Updated on September 22, 2011


In America, lists of "symptoms to watch for" are published by a number of agencies and organizations with the hope of catching drug abuse or similar afflictions in time to remedy before a user inadvertently commits suicide in an overdose.

We see the posters and Public Service Announcements so often that we may become tired of seeing them! We may think that neither we nor any of our family or friends will ever fall to that syndrome. However, such problems affect persons in all demographics. The symptom lists also apply to other addictions: food addiction, gaming addictions, gambling, spending problems, sex addicition, shoplifting, and several others.

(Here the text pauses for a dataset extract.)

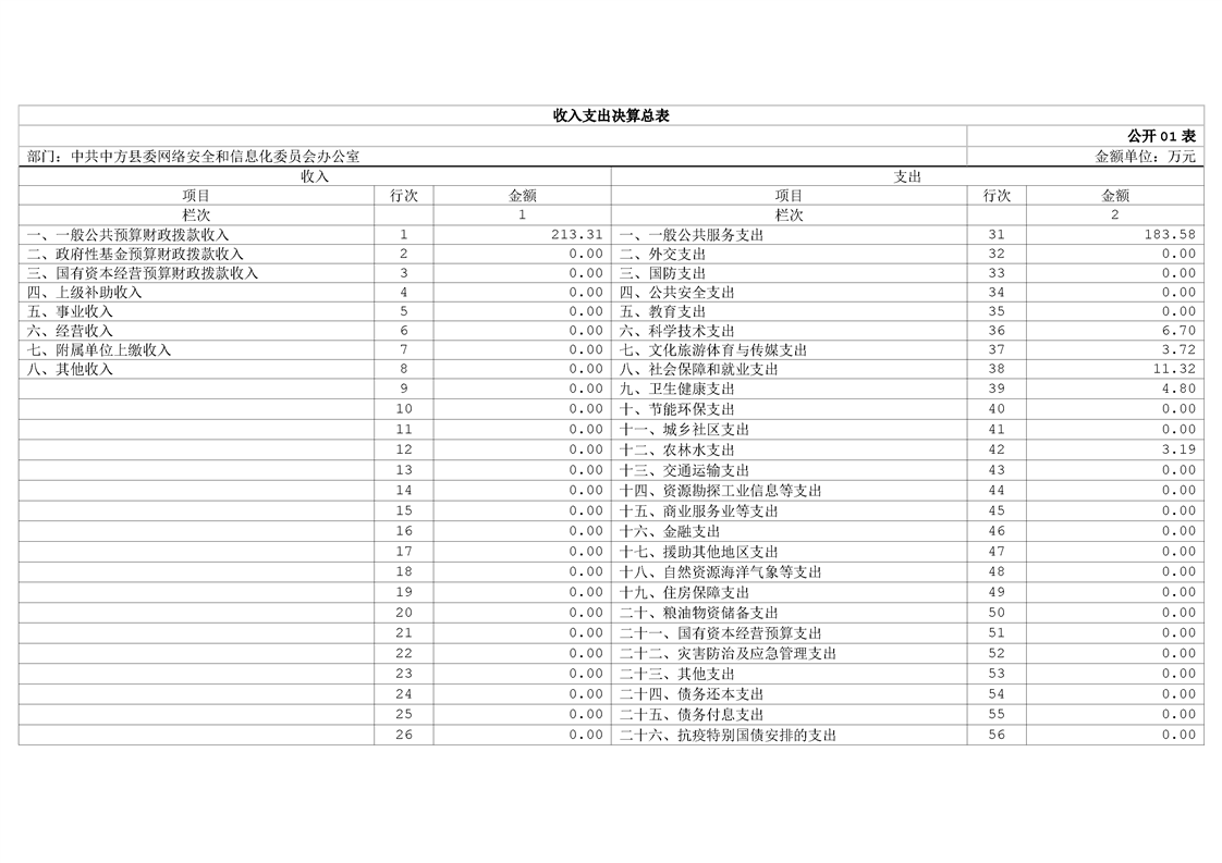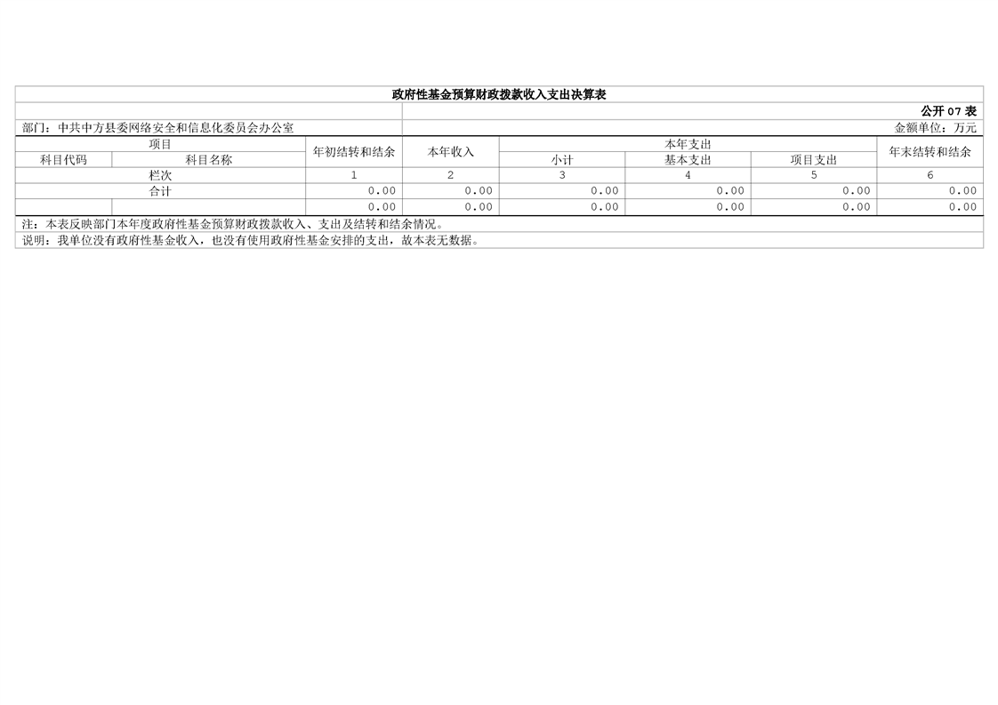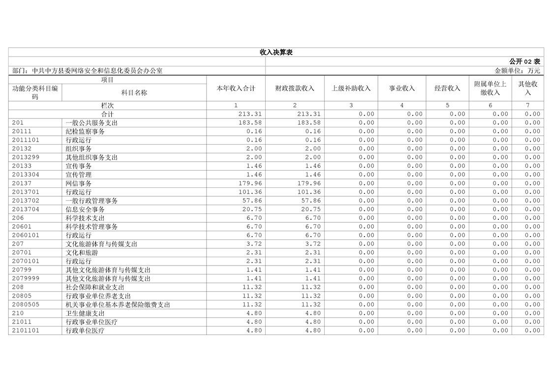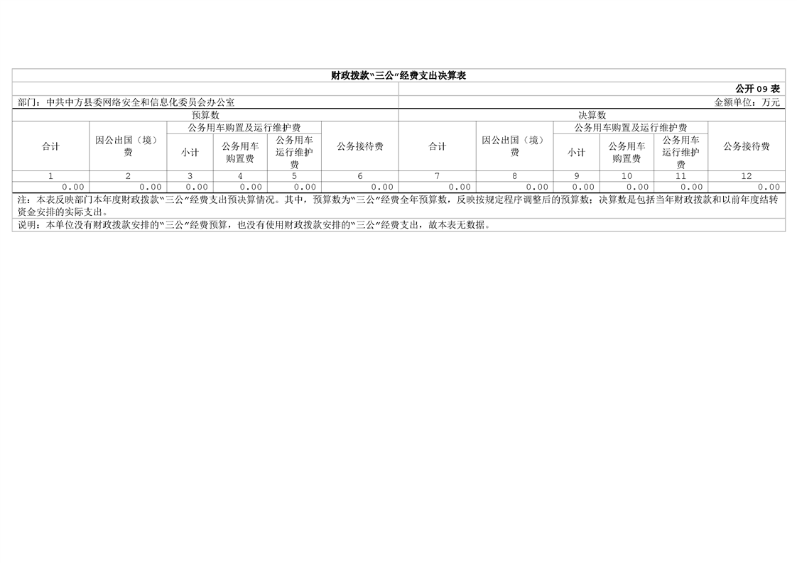 中共中方县委网络安全和信息化委员会办公室2024年部门决算公开

Spending is a problem that can be pretty crafty in its operations, but then all addictions are insidious. They are entities unto themselves that do not want to be destroyed. Their powerless hosts do everything in their capabilities to protect the addictions until they decide to stand against them.

For example, I once knew a lively 20-something couple that changed within a year of marriage. They began to take out bank loans every Christmas season in order to purchase high-priced presents for everyone in their two extended families (most of these were wealthy) and for friends they thought were "rich". The problem did not reveal itself fully until friends noticed that the man and woman stopped communicating with in-town friends while still in their early thirties. Something was wrong.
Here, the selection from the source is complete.